Direct Retrieval-augmented Optimization: Synergizing Knowledge Selection and Language Models
Zhengliang Shi, Lingyong Yan, Weiwei Sun, Yue Feng, Pengjie Ren, Xinyu Ma, Shuaiqiang Wang, Dawei Yin, Maarten de Rijke, Zhaochun Ren
TL;DR
This work introduces Direct Retrieval-augmented Optimization (DRO), which jointly trains a list-wise knowledge selector and an LLM generator for end-to-end retrieval-augmented generation (RAG). By treating document permutations as latent variables and using an EM-style alternation with importance sampling, DRO maximizes the evidence lower bound to align knowledge selection with answer generation. The authors provide theoretical links to policy-gradient methods, demonstrate variance reduction with normalized importance weights, and prove convergence of the training process. Empirically, DRO yields 5–15% gains in EM and F1 across five QA datasets and improves document recall, validating stable optimization dynamics and practical impact for knowledge-grounded NLP tasks.
Abstract
Retrieval-augmented generation (RAG) integrates large language models ( LLM s) with retrievers to access external knowledge, improving the factuality of LLM generation in knowledge-grounded tasks. To optimize the RAG performance, most previous work independently fine-tunes the retriever to adapt to frozen LLM s or trains the LLMs to use documents retrieved by off-the-shelf retrievers, lacking end-to-end training supervision. Recent work addresses this limitation by jointly training these two components but relies on overly simplifying assumptions of document independence, which has been criticized for being far from real-world scenarios. Thus, effectively optimizing the overall RAG performance remains a critical challenge. We propose a direct retrieval-augmented optimization framework, named DRO, that enables end-to-end training of two key components: (i) a generative knowledge selection model and (ii) an LLM generator. DRO alternates between two phases: (i) document permutation estimation and (ii) re-weighted maximization, progressively improving RAG components through a variational approach.

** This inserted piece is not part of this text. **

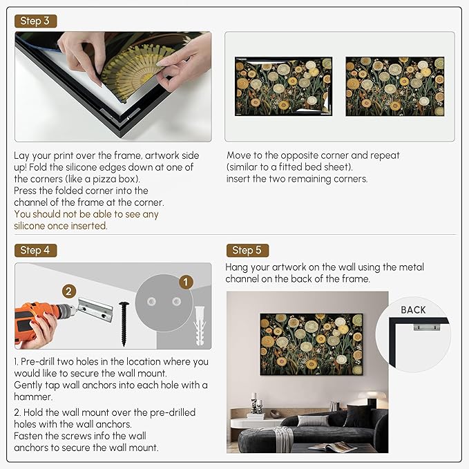 - Assembly Required: The artwork comes with the frame components unassembled. Don¡¯t worry ¡ª setup is straightforward and tool-friendly. For best results and accurate alignment, we recommend two people to ensure a smooth assembly and a stable, secure wall mount.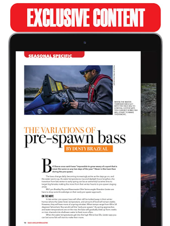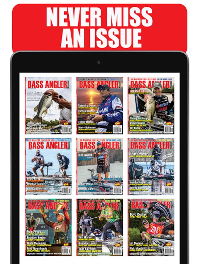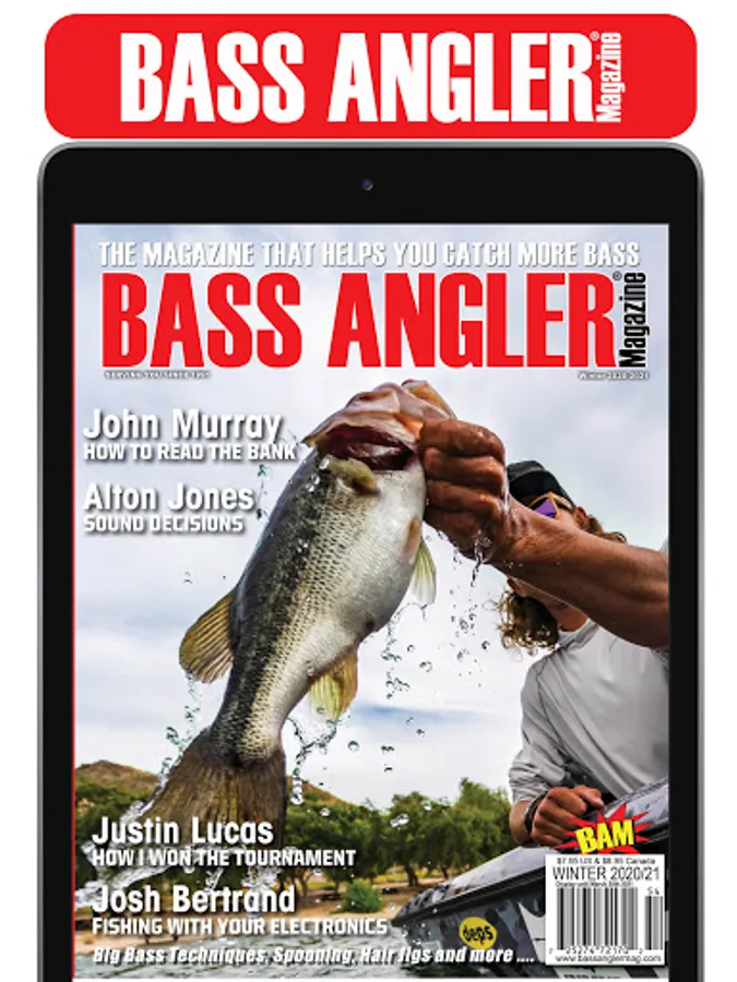 BASS ANGLER MAGAZINE (BAM), a veteran owned quarterly magazine covering largemouth, smallmouth, and spotted bass, Bass Angler was created specifically to help you become a better, more informed bass fisherman. As the industry’s most informative bass fishing magazine, we provide you in-depth exclusive new features with the world’s top anglers. Each issue of Bass Angler is filled with 25 or more full length articles uncovering the latest secrets from the world’s top anglers. We think you'll agree Bass Angler Magazine is the one fishing tool you shouldn't be without.

In the estimation step, we treat document permutation as a latent variable and directly estimate its distribution from the selection model by applying an importance sampling strategy. In the maximization step, we calibrate the optimization expectation using importance weights and jointly train the selection model and LLM generator. Our theoretical analysis reveals that DRO is analogous to policy-gradient methods in reinforcement learning. Extensive experiments conducted on five datasets illustrate that DRO outperforms the best baseline with 5%-15% improvements in EM and F1. We also provide in-depth experiments to qualitatively analyze the stability, convergence, and variance of DRO.